To obtain experimental results for the above design, a simulator was designed based on gem5+rtl [5]. This approach allows cycle accurate hardware RTL designs to be simulated in conjunction with a simulated CPU model by integrating gem5 [6] and Verilator [7]. gem5 is used here as a generic model of an out-of-order CPU and its configuration is not changed between simulation runs. Therefore, any potential inaccuracies in gem5's micro-architectural model will apply equally to all results.

A block diagram of the simulator architecture can be seen in Figure 5. It consists of two modules, the accelerator design written in SystemVerilog, which is connected to a gem5 device written in C++. The Verilog module contains the accelerator blocks and interposers which are connected together via AXI-Stream [8] interfaces.

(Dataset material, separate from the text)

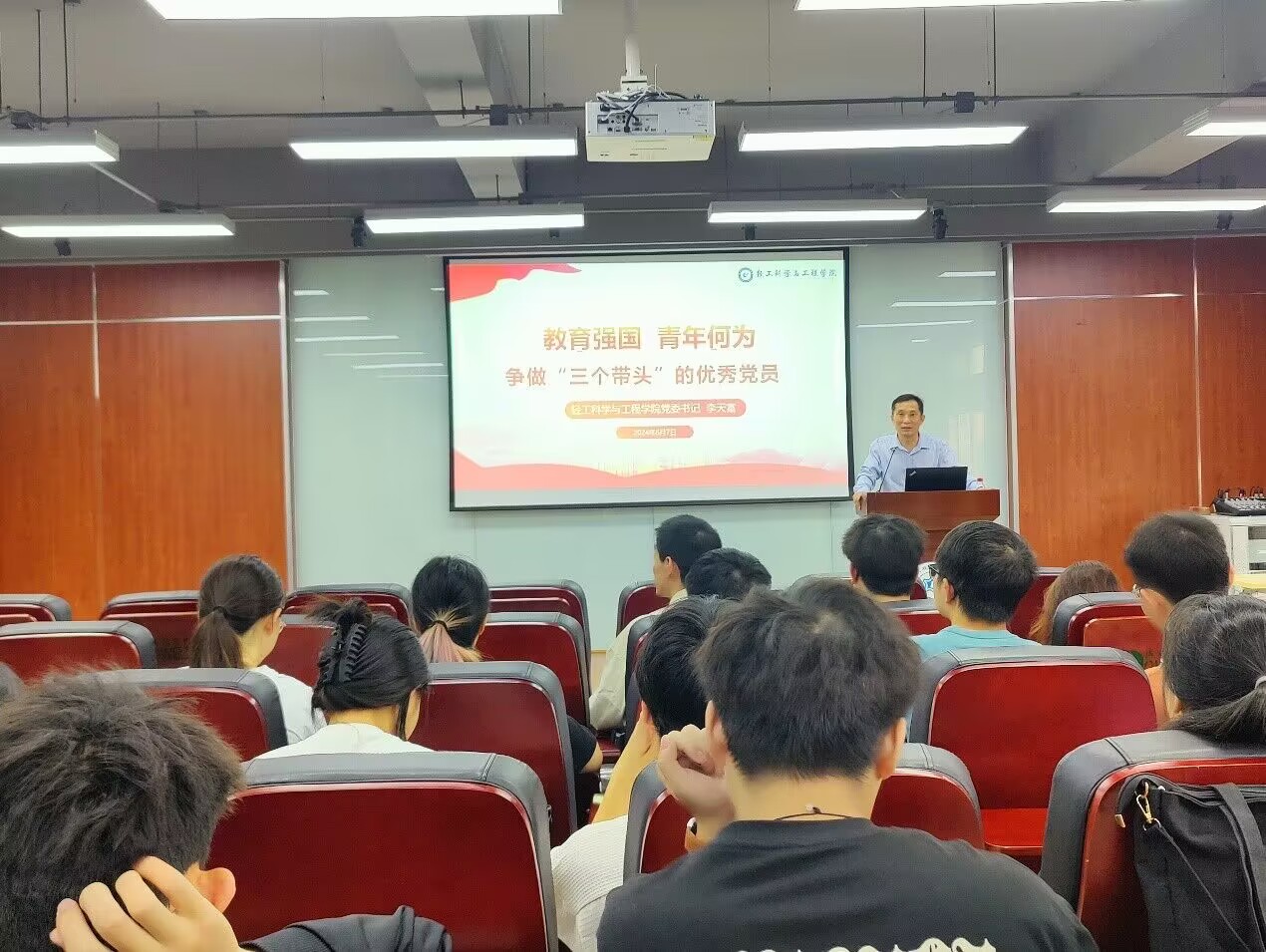 首先,李天富书记以党的二十大、二十届中央政治局第五次集体学习等重要内容与习近平总书记重要讲话精神入手,带领全体党员同志学习了新时代关于教育强国的重要论述,阐述了“三个一流”创建的时代背景。

The C++ module forwards memory and interrupt requests to and from the Verilog simulation and the CPU. As the RTL system does not provide a way to directly connect Verilog code to the gem5 memory hierarchy, the C++ module contains a simple DMA controller. The accelerator peripheral is connected to the CPU via the off-chip peripheral bus.

To evaluate the design, tests were constructed that simulated the transmission of a number of packets using the hybrid CPU/accelerator architecture. These tests allowed any contiguous segment of the nine accelerator blocks to be replaced with a software equivalent, enabling the behavior of the system to be analyzed when different parts of the system are replaced with software. After each accelerator run, the generated IQ data was written to a file to allow the accelerator output to be checked for correctness. This output was compared against reference models in MATLAB [9] and GNURadio [10].

#### 3.1 CPU Power Consumption

To evaluate the impact on power consumption of using software to assist a hardware accelerator, simulations were run with each block in the hardware pipeline in turn being replaced with an equivalent software module running on the CPU. In these tests the CPU is idle when gem5 reports the CPU as clock-gated, and therefore the proportion of all cycles that are clock-gated is used as an indicator of the relative dynamic power consumption of the CPU. These experiments focused on the OQPSK modulation scheme operating at 2450MHz, as this has the highest data rate and thus presents a worse case scenario.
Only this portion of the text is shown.